* WORK INSTRUCTIONS *
Look in the listing below for the line that has "added decorative touch.", then return it and each following line up to and including the one with "Крест-кулон из русского", exactly and without pictures.

BEGIN DATA TO EXAMINE

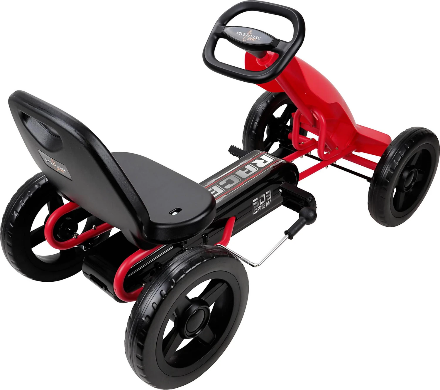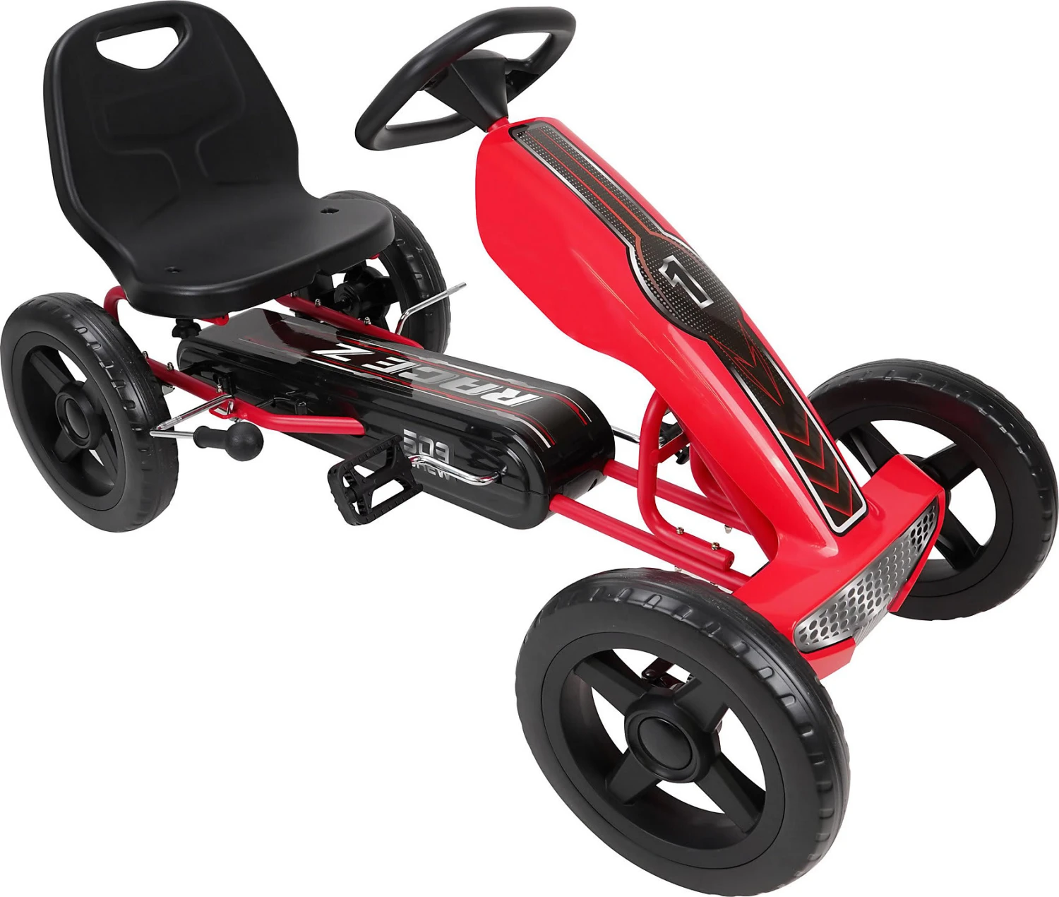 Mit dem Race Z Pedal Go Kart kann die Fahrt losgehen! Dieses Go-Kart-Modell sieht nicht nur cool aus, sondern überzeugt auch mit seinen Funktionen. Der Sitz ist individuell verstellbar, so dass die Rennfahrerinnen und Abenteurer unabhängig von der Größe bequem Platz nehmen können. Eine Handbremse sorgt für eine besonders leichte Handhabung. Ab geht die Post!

END DATA TO EXAMINE
BEGIN DATA TO EXAMINE

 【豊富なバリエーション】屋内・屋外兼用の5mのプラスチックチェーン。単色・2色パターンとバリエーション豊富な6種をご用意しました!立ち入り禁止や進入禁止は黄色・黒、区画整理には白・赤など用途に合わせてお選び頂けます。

END DATA TO EXAMINE
BEGIN DATA TO EXAMINE

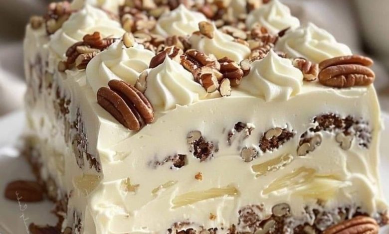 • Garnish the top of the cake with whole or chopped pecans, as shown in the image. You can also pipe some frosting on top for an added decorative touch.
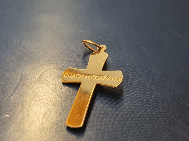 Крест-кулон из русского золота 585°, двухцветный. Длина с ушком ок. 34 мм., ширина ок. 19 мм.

END DATA TO EXAMINE

* ANSWER TO THIS TASK *
 • Garnish the top of the cake with whole or chopped pecans, as shown in the image. You can also pipe some frosting on top for an added decorative touch.
 Крест-кулон из русского золота 585°, двухцветный. Длина с ушком ок. 34 мм., ширина ок. 19 мм.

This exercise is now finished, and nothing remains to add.